Pour ou contre : 4 évolutions fortes de l'arbitrage pour le Mondial 2026 passées au crible

Ce n'est pas un changement de règlement, mais des règles imposées aux arbitres pour fluidifier le jeu et un renforcement du pouvoir de la VAR. Pas sûr qu'elles soient toutes efficaces. Nous les avons analysées.

Pour ou contre : 4 évolutions fortes de l'arbitrage pour le Mondial 2026 passées au crible
Les arbitres ne vont plus lâcher leur chronomètres... Photo : BrokenSphere - CC BY 3.0

Ce n'est pas un changement de règlement, mais des règles imposées aux arbitres pour fluidifier le jeu et un renforcement du pouvoir de la VAR. Pas sûr qu'elles soient toutes efficaces. Nous les avons analysées.

Décidément, la Coupe du Monde 2026 ne ressemblera à aucune autre. Non seulement, la compétition planétaire va accueillir pour la première fois 48 équipes, mais en plus, elle va marquer une avancée significative au niveau de l’arbitrage. Et plus précisément, sur la façon d’interpréter le règlement. Pas de grande révolution à proprement parler, mais des consignes nouvelles pour les arbitres, et une utilisation de la VAR élargie. 

1er aménagement : un remplaçant aura 10 secondes maximum pour quitter le terrain

Où qu’il se trouve sur le terrain quand le panneau lumineux affiche son nom pour lui signifier qu’il est remplacé, un joueur a 10 secondes pour quitter le terrain (peu importe où). Si le joueur prend plus de temps, son remplaçant devra attendre au minimum une minute et le prochain arrêt de jeu, pour entrer sur le terrain. 

Notre avis : après la règle donnant un corner pour l’équipe adverse dans le cas où un gardien de but dépasse les 6 secondes pour dégager, les arbitres devront avoir un chrono dans la tête pour juger. Cet aménagement peut permettre d’éviter les pertes de temps, mais sera aussi source de polémiques arbitrales supplémentaires. D’ailleurs, la règle des 6 secondes n’est pas beaucoup plus appliquée qu’avant. 

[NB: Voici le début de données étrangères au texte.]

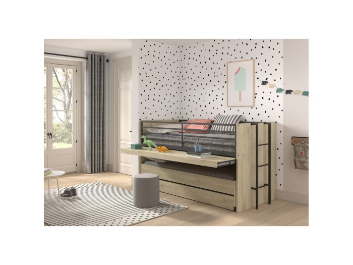 Ημι-υπερυψωμένο κρεβάτι Sam, ύψους 117 εκ. διαθέσιμο σε διαστάσεις 90×200 εκ. και δύο χρώματα. Ένας τέλειος συνδυασμός άνεσης, λειτουργικότητας και στυλ. Κατασκευάζεται από μασίφ ξύλο δρυς και δημιουργεί μια ζεστή και φιλόξενη ατμόσφαιρα σε οποιοδήποτε παιδικό δωμάτιο. Διαθέτει ένα επεκτάσιμο συρόμενο γραφείο που μπορεί εύκολα να κρυφτεί όταν δεν χρησιμοποιείται, αφήνοντας περισσότερο χώρο για παιχνίδι. Επιπλέον, προσφέρει και κρεβάτι φιλοξενίας, καθιστώντας το ιδανικό για τα παιδιά που αγαπούν να φιλοξενούν φίλους. Πιστοποιημένη με Ευρωπαϊκά πρότυπα ΕΝ-747-1&2, ΕΝ-716, REACH, TUV και FSC.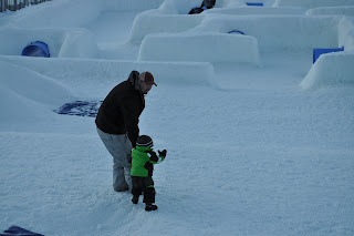 | We took the kids to a snow park that they had right outside our condo. It was full of mazes, slides, and tubes! I thought William would be having a blast, but he cried most of the time. Bless his heart! |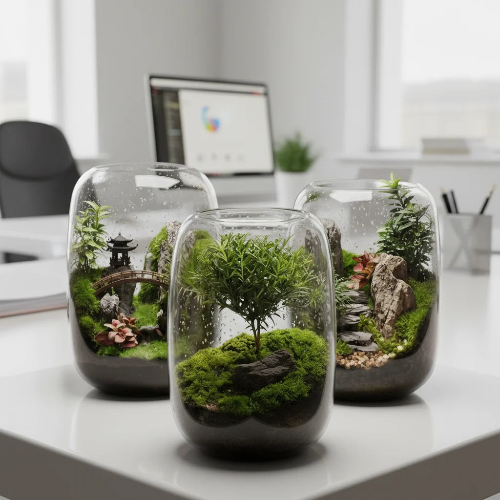 Our terrariums are designed to be low-maintenance, self-sustaining ecosystems. They require very little water and thrive on indirect light, bringing you effortless natural beauty.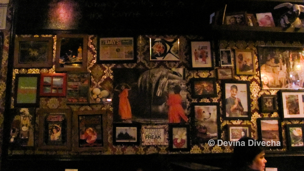 Three people – one chef and two staff – greet us with folded hands, like “namaste”, and I’m pretty sure they said “Sawadika”, after which they ushered us in. I was confronted with a lot of black, walls plastered with frames, photographs on one side, and t-shirts with images and words related to the Thai beer Singha all over them, hung on another.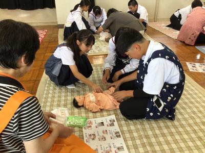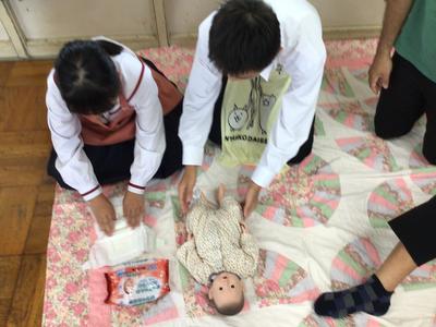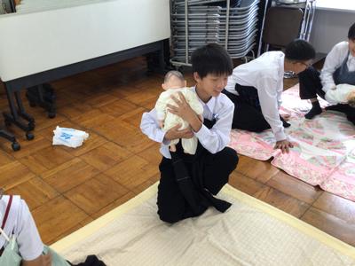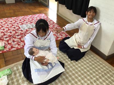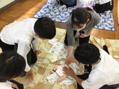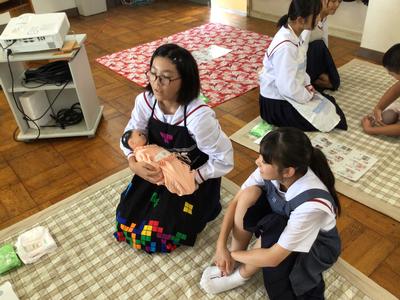 22日(月)に、市健康増進課と赤ちゃん抱っこ隊の方を講師にお招きし、赤ちゃん人形抱っこ体験を行いました。最初に、赤ちゃんの抱っこの仕方やおむつのかえ方についての説明を聞きました。次に、赤ちゃん人形を抱っこしたり、おむつをかえたりしました。貴重な体験をすることができました。講師の先生方、ありがとうございました。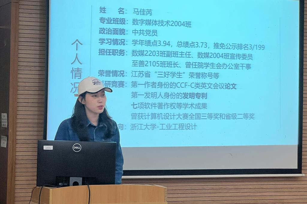 随后,保研至浙江大学工业工程设计专业的马佳芮同学作分享。她以个人经历为切入点,建议同学们在大学学习中要树立理想和现实两个目标,在追求进步的过程中要保持乐观的心态,并且要在能力所及的范围之内尽可能去争取发展机会。她为同学们梳理了数字媒体技术专业本科期间可以参加的主要科创竞赛项目并给出了明晰的努力方向。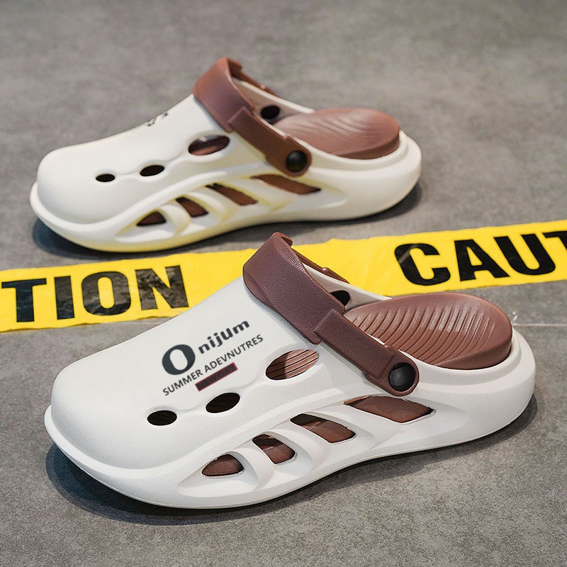 남성용 샌들 여름 새로운 야외 비치 슈즈 커플 외부 착용 소프트 솔 드라이빙 두 착용 똥 두꺼운 느낌 슬리퍼스토어 가기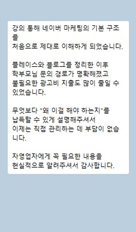 필요 시 네이버 마케팅 관련하여 컨설팅 가능합니다!
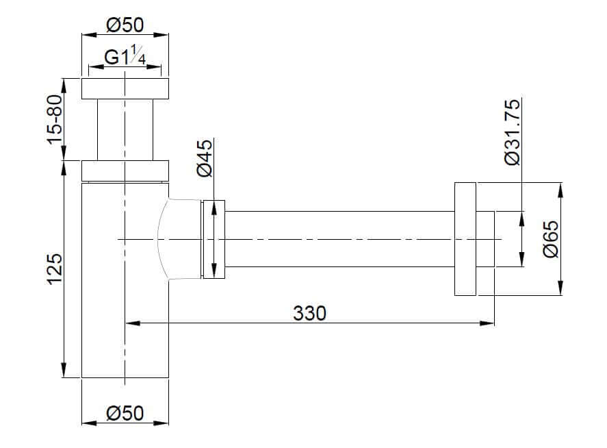 UniMatch wastafelsifon 5/4" x 32 mm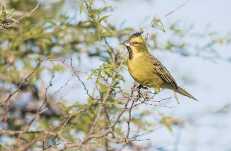 Se trata de cardenales amarillos, una especie que habita en Brasil, Uruguay y Argentina, con poca presencia en los primeros dos, y estรก en peligro: se estima que quedan entre 1000 y 3000 individuos de esta especie en total.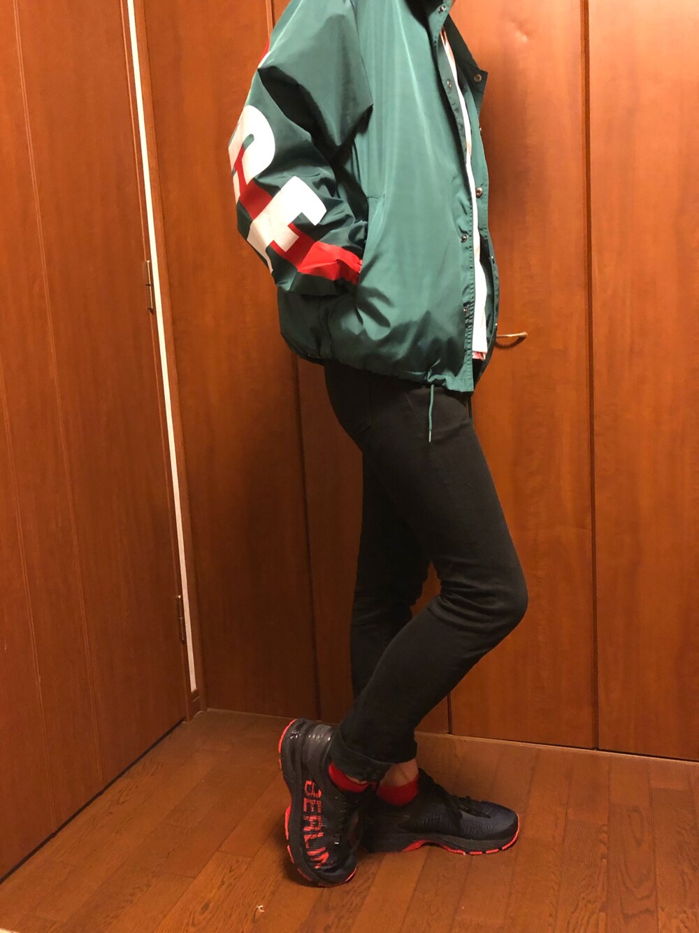 こんにちは👀 先日アメ村に行った時にオススメされて買った派手なアウターを着てみました笑 上が派手なので下は黒スキニー一択でした😌 (黒スキニーは最強です笑) アウターに赤のラインが入ってるので、靴下、靴にも赤を使ってみました! asicsの靴履きやすいし、オシャレなのも多いので最高です😍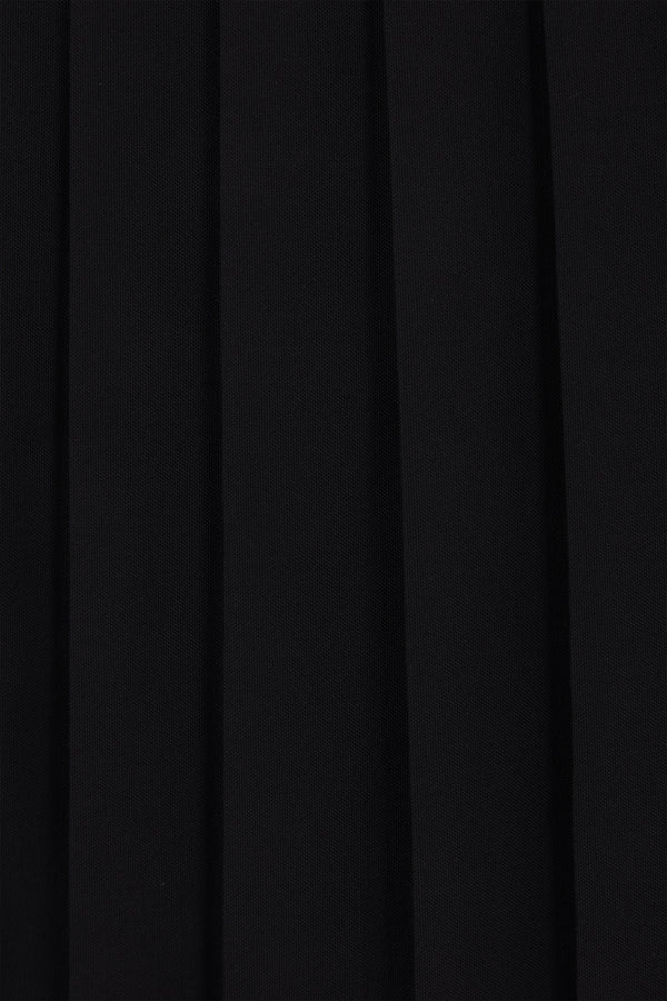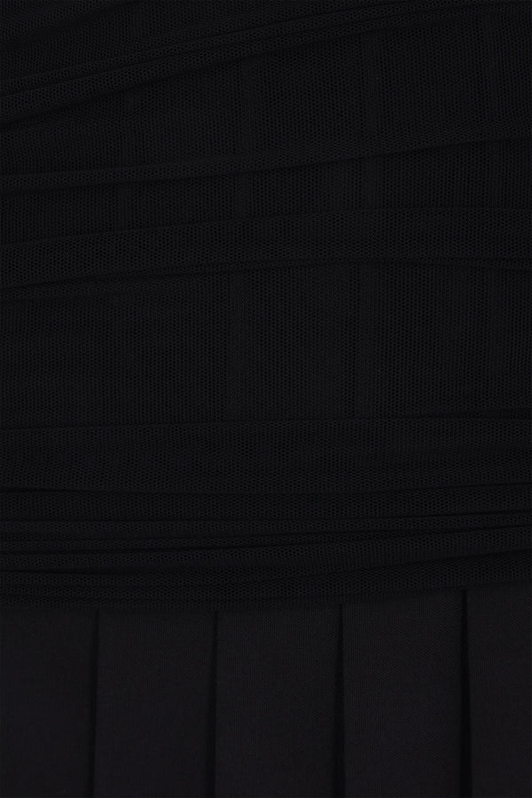 MM6 pleated skirt crafted from black wool blend with an overlapping tone-on-tone stretch mesh panel. Featuring a side invisible zip closure and unlined interior. The design is completed with the Maison's signature white stitch on the back.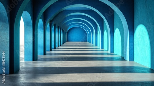 Fototapeta premium Blue Arched Corridor: A mesmerizing hallway of blue arches stretches...

2ème aménagement : un joueur soigné sur le terrain devra attendre avant de renter

Aujourd’hui, la règle impose qu’un joueur ayant subi un soin sur le terrain, par un membre de son staff médical, doit sortir. Souvent, on voit les joueurs se presser pour revenir sur le terrain. Cette fois, ce sera différent. Le joueur soigné devra passer au minimum une minute dehors, avant de retrouver ses partenaires. Excepté pour les blessures graves, les chocs à la tête et les fautes subies sanctionnées par l’arbitre). 

Notre avis : il s’agit d’éviter que les joueurs ne gagnent du temps volontairement, en simulant des blessures.  Au delà de l’aspect « chronomètre », l’arbitre va donc devenir médecin pour juger si une faute est « grave » ou non. Certaines blessures mineures peuvent nécessiter un soin (bombe de froid, massage rapide), notamment après un coup reçu, non sanctionné d’un jaune. Dans ce cas-là, l’équipe auteur de la faute sera la grande gagnante. 

3ème aménagement : un temps imparti pour faire une touche ou tirer un coup franc 

Si l’arbitre estime qu’une touche ou un coup de pied de but met trop de temps à être joué, il pourra lancer un compte à rebours de 5 secondes. Si le ballon n’est pas remis en jeu à temps, deux sanctions sont adaptées : touche donnée à l’adversaire quand le coup franc en la faveur d’une équipe se transforme en corner pour l’autre équipe.

Notre avis : c’est sans doute le point qui va créer le plus de polémiques. L’intention est louable, mais dans la pratique, cela semble très difficile à appliquer sans déclencher la colère des joueurs, des entraineurs, et surtout, des supporters. 

4ème aménagement : la VAR voit plus large

La VAR voit son application élargie. Désormais, elle peut intervenir en cas de deuxième carton jaune, jugée comme une erreur manifeste et entraînant un rouge. Exemple : le cas de Coulibaly (Monaco) contre le PSG.  La VAR pourra aussi revenir sur un corner accordé/refusé à tort, mais à condition qu’il y ait une erreur claire et manifeste.

Notre avis : ceux qui sont contre la VAR vont avoir deux fois plus de raisons d’être en colère. Comment décider devant un écran, par exemple, que le Monégasque Coulibaly ne méritait peut-être pas un deuxième jaune ? En faisant cela, on enlève encore un peu plus d’humanité à l’arbitrage. Il y a la faute, elle peut mériter d’être sanctionnée, mais selon le moment (après un premier jaune, alors qu’il reste beaucoup de temps à jouer…), ou l’état d’esprit du joueur, comme de l’équipe, la situation peut être vécue complètement différemment.